Nothing tells me I’m in Mexico quite like the lively accordion notes of a melody drifting out of a shop or restaurant as I pass by. The clarity of the accordion sound is like a pleasant breeze to our eardrums, its tonal vibrations stimulating our smile muscles. If the accordion sound were a colour, it would be bright yellow. What could be more delightful than a song with a lumbering tuba stomping out a slow beat while the accordion dances rapidly around it like Tinker Bell after an espresso.

Although the accordion didn’t originate in Mexico, once it arrived, it became a venerated cultural icon of Mexican music. The accordion was introduced by German immigrants to Texas and Northern Mexico in the mid-19th century. It promptly plunged into the existing regional folk music of Northern Mexico and Southern US like a fat kid doing the cannonball into the kiddie pool. Today we call the music that emerged from this area Norteño or Tejano music (also referred to as Norteño Conjunto and Tejano Conjunto (conjunto meaning “together,” or “ensemble”).

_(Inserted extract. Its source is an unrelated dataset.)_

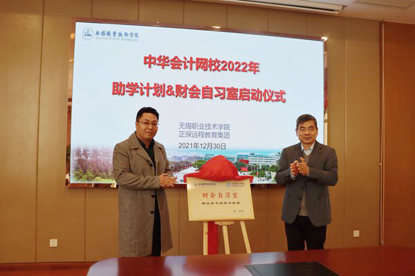 教学资源捐赠仪式上,正保远程教育集团向必赢捐赠了价值28万余元的学习资源与图书,将为参与财会自习室项目的510余名学生提供帮助,双方还共同为财会自习室揭牌。

Traditional Norteño/Tejano music features the acordeón diatónico or acordeón de botones (an accordion with two rows of buttons, with each row producing the diatonic, or 7-note, scale), the bajo sexto (12 string Mexican guitar), drum, and a sort of talking-singing vocals. The instrumentation of this musical genre has evolved over time to include bass guitar, saxophone and other instruments. Beyond the Norteño/Tejano musical genre, the accordion spread to a number of other folk music traditions in Mexico, so that the delightful ear-tickle of the accordion can be heard in most forms of Mexican music today.

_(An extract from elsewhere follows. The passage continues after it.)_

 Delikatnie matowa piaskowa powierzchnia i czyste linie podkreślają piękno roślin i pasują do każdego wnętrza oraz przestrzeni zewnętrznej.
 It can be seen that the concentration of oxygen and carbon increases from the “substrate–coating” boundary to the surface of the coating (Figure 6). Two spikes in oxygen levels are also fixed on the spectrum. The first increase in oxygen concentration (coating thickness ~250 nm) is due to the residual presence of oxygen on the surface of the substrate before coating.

Where Did the Accordion Come From?

The accordion was invented in Germany in the 1820s. Its lively spread in worldwide popularity was accelerated by the “Polka Craze.” Polka burst onto the scene in Paris and London in the 1840s and spread rapidly throughout the western world. The marriage of the polka and the accordion was quickly consummated. From the start, the accordion and polka were artifacts of the common people, something more for the streets than for upper-class salons.

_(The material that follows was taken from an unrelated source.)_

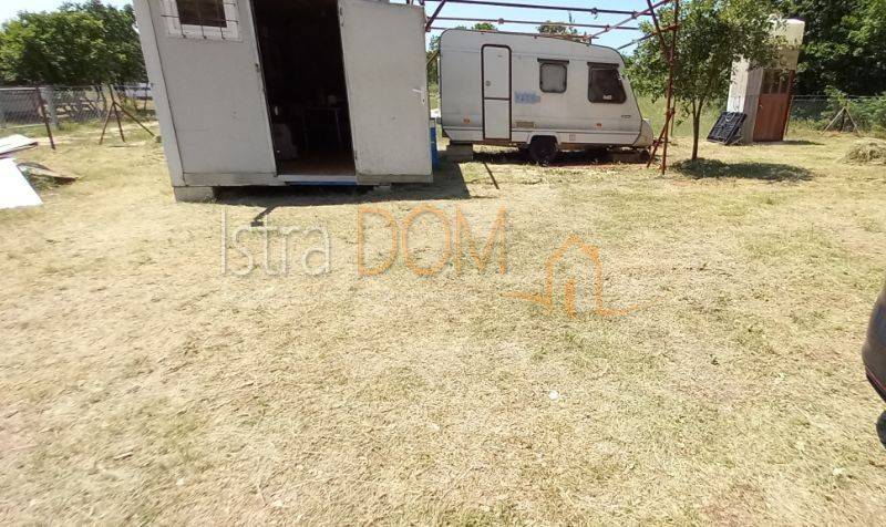 Na parceli je kontejner, kamp kućica, wc, septička

In Mexico and Latin America, the accordion never completely outgrew its folk root traditions. Rock music, which emerged mostly from the United States and Britain in the 1960s, favoured drums and electric guitars, which led to the decline of accordion popularity. But not before door-to-door salesmen convinced parents like mine, and those of Weird Al Yankovich, that their precious sons should learn how to play the accordion. Although accordion lessons worked out pretty well for Weird Al, my rotund Polish instructor only left me with an addiction to pierogis.

The Accordion in Mexican Music Styles

Thankfully, in Mexico, accordion love is still alive and well. There is an astounding range of Mexican musical styles; although the accordion may not be as prominent as it is in the traditional Norteño/Tejano music, it remains a proud member of most Mexican music genres and styles. Two examples of this are the banda and cumbia genres.

The popular banda music originated in the state of Sinaloa. This style may sound similar to Norteño because of the ever-present accordion, but the distinguishing feature is the prominence of brass instruments, in particular rumbling low notes of the tuba used to set the song’s tempo.

By comparison, the cumbia genre generally has a more lively tempo than banda, especially in its Mexican versions. Cumbia is thought to have originated within the Afro-Colombian community. Wikipedia lists four styles of cumbia in Mexico, and dozens of styles throughout Latin American countries. In Mexico, maracas are usually the distinguishing cumbia sound, setting the song’s tempo, but the piano accordion (keys instead of buttons) is frequently the main source of the rhythm.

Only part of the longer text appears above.